Entre a saúde e o preconceito: o problema da obesidade e do sobrepeso no Brasil
Enviada em 08/11/2020
A ideia de modernidade líquida criada pelo filósofo Zygmunt Bauman definiu as interações entre as pessoas como superficiais. Tal aspecto não é diferente no que tange a relação entre ser humano e a comida na atualidade. Dessa forma, a vida corrida e as angústias modernas motivam a manutenção da obesidade e sobrepeso da população brasileira. Portanto, analisar o atual contexto é fundamental para mudar essa realidade.
Ademais, a fluidez do século XXI contribui para a continuidade do estado de obesidade. Com o qual, muitos brasileiros não possuem tempo para se exercitar ou se alimentar bem e acabam por optar os fast-foods ou comidas industrializadas. Dessa maneira, essa alimentação baseada em alimentos processados propicia a obesidade e por conseguinte o desenvolvimento de doenças, tais como diabete, câncer ou condições cardiovasculares. À respeito disso, segundo o Ministério da Saúde, cerca de 20% da população brasileira está obesa. Ademais, de acordo com a mesma fonte, a taxa de obesidade no país passou de 11,8% para 19,8%, entre 2006 e 2018.

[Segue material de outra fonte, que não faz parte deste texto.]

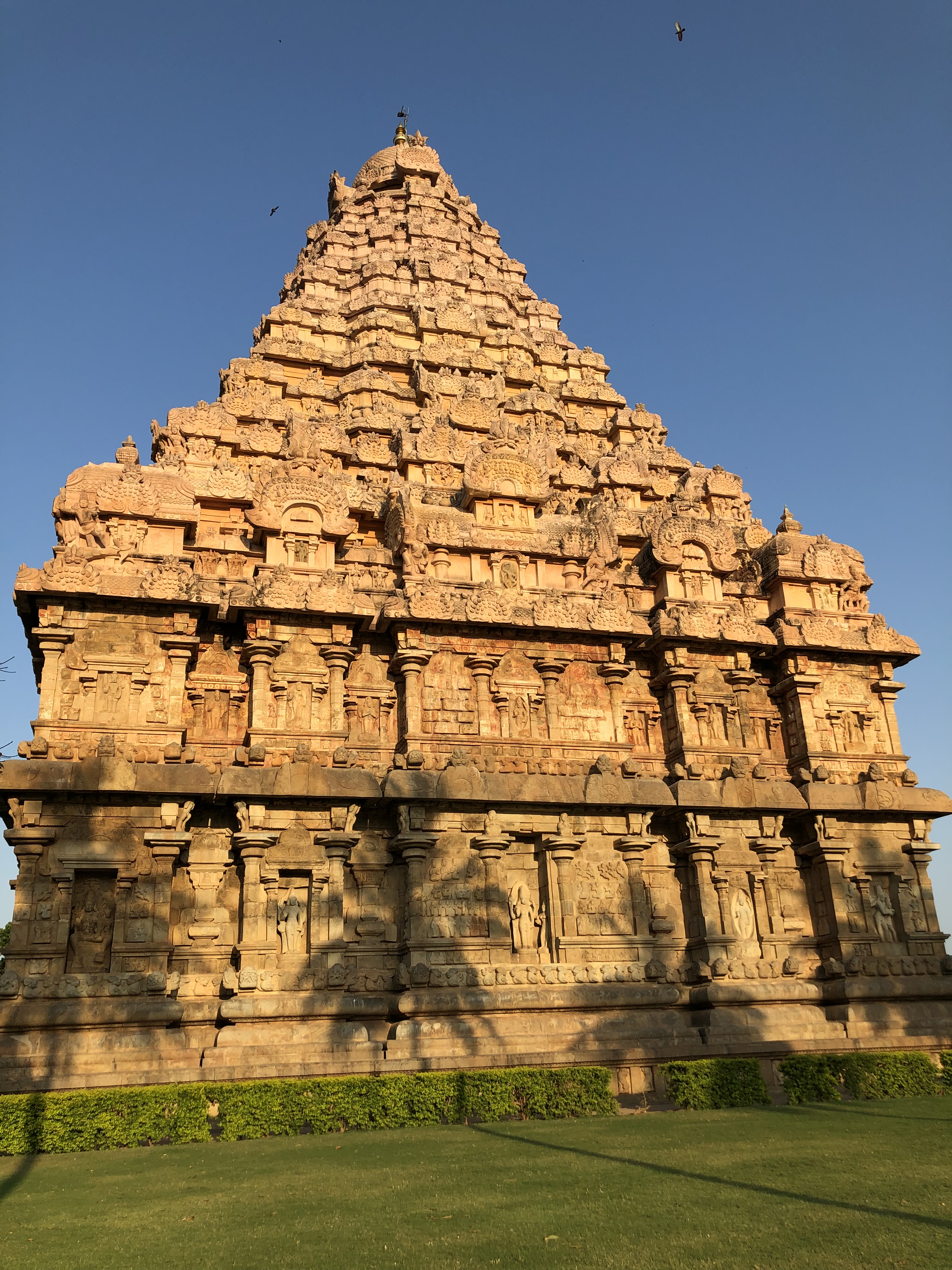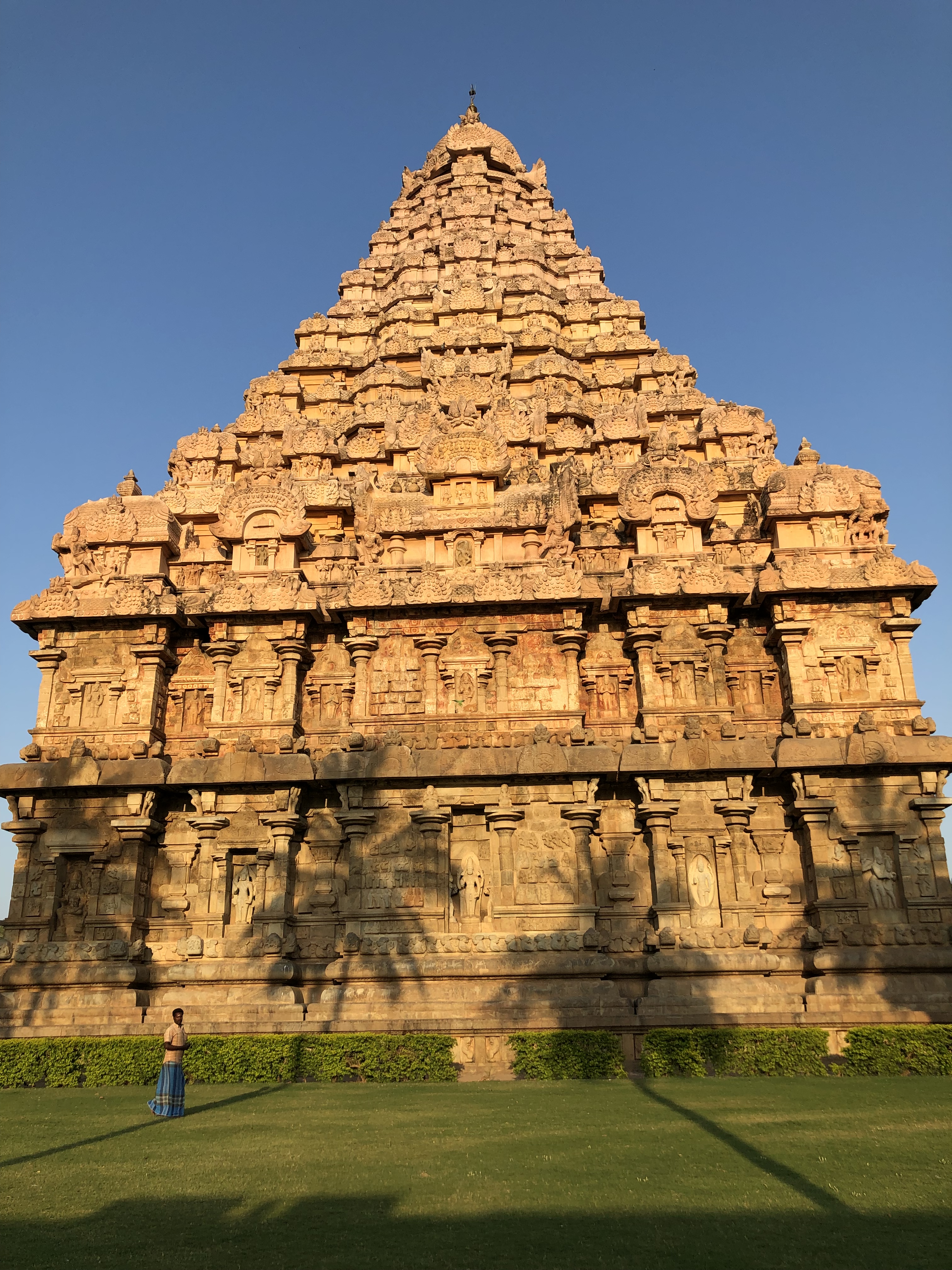 On this trip we travelled to a couple of cities, from West of India to South of India. Amongst them my personal favourite is Thanjavur district, in Southern India, well known for its cultural vibrancy and I have many fond nostalgic memories of the city. Thanjavur district is the rice basket of Southern India, the land of arts and Architecture. Thanjavur is also known for the three surviving Great Chola Architectures. The Brihadeesvara Temple/Big Temple in Thanjavur City, Brihadeesvara Temple at Gangaikonda Cholapuram/Jayakondam and Airateswara Temple at Darasuram. All the three temples are fine example of Dravidian Architecture and are built according to the Agama Principles. Agama Sastra,is an ancient scripture, which lays down the principles and rules for rituals of philosophical and spiritual practices ,for prayers and also the principles for construction of the temples, including the place of temple, sculptures and the materials to be used in the sculptures. The scriptures I have heard are in Sanskrit and also in Tamil. All the three temples were commissioned by the Chola rulers and were part of larger city, which got destroyed after the downfall of the Chola dynasty. The Chola reign is considered as one of the prosperous times for art, culture and Tamil Literature and is often referred as the Golden Age of Tamil Culture. The Chola Royals were a great patrons of art and literature. The Chola dynasty ruled over varying territories of the Southern India, from 3 century BCE to 13th Century CE. They had trading routes with South East Asia, and also had established themselves as cultural, military and economic power in South East Asia. They were known for their naval power in South Asia. They recognised temples not only as places of spiritual and religious practices, but also as major economic hubs. They took great interest in administration of the temples, built educational institutions, places to stay and hospitals, around the temples. They also established water irrigation and dams in the region as it was known for its droughts, and helped in the making the region a very agrarian economy. They had pioneered a centralised system of ruling, and integrated the entire Southern India under one rule. Chola dynasty has left its huge mark on the Southern India’s History, architecture and literature. I would like to mention here, I am not a historian, but am a huge history buff and an avid fan of the Chola dynasty , especially their architecture and their interest in arts and their enthusiasm in making culture a priority along with being an economic and military power. My father had a degree in History, with a specialisation in Indian History, so I raided his books as a youngster to look for more information and picked on his brain a lot for more information. I was very impressed to find out that one of the kings of Chola dynasty, RajaRaja Chola 1/ Arulmozhi Varman( he was the one who commissioned the Brahadeeswara temple in Thanjavur) was chosen as king through a democratic process of the court. In the 1950 s, a historical story was published based on Arulmozhivarman’s life and was published as a series in a weekly magazine, written by famous Tamil author R Kalki. It was later published as a set of five novels. It narrates the story of early days of life of Prince Arulmozhi Varman and the political battles within the dynasty for the throne. The narrative of the novel is absolutely vivid and evocative, and it brings to life the times of Chola dynasty. The series became very popular and created a frenzy in the newly Independent India and even now the book has a very big and specific fan base, very similar in nature to a Whovian or Potterhead. I have not learnt to read or write Tamil in a school, but learnt a very basic reading and writing in Tamil from my mother. During my school vacations, it was one of the chores which my mother loved and I loathed. I learnt it more to keep my parents happy. Yet the rudimentary reading skill I learnt came in handy in reading the Novel in my later years. It is the only Tamil novel I have read. And it took me nearly two to three years to finish the five sets of humungous books. I have slightly digressed from the Chola architecture, coming back to the architecture, the walls of the temples have inscriptions written in ancient Tamil language, which detail the account of the kingdom, the time and material used in building the temples, the people involved in the temple work, their wages etc.

Outrossim, os problemas da vida cotidiana fazem com que as pessoas descontem suas angústias e ansiedades na comida. Sendo assim, os brasileiros buscam como forma de escape, o sentimento de prazer que a comida proporciona. Tal ação se for constante ou virar um ciclo vicioso , contribui para o sobrepeso. Ademais, várias pessoas que estão acima do peso, sofrem preconceitos e são taxadas como inferiores e infelizes. Haja vista, que a sociedade contemporânea está presa à valores culturais padronizados que fazem culto ao corpo magro. Acerca disso, segundo o filósofo Nietzsche em sua teoria sobre o “Super-Homem”, é necessário mudar esse pensamento por meio da transvaloração dos valores culturais impostos pela sociedade.
Por conseguinte, a liquidez da rotina do dia a dia e a ansiedade dos tempos atuais motivam para a obesidade e para o sobrepeso da sociedade brasileira. Em vista disso, o Ministério do trabalho em conjunto com os sindicatos trabalhistas devem providenciar espaços e horários dentro do cronograma das empresas, a fim de oferecer exercícios gratuitos durante 3 vezes na semana e comidas naturais para aqueles funcionários que não possuem tempo para se exercitar ou se alimentar adequadamente. Logo, a obesidade tenderá á diminuir. Assim como, urge a mídia incentivar a transvaloração dos valores culturais por trás dos preconceitos contra pessoas acima do peso, por meio da publicidade inclusiva disseminada nos veículos de comunicação. Além disso, cabe ao Ministério da Saúde distribuir palestras acompanhadas de nutricionistas, que falam sobre o ciclo vicioso da comida. Dessa forma, o sobrepeso e seus preconceitos irão acabar. Destarte, as relações de Zygmunt Bauman irão ser concretas.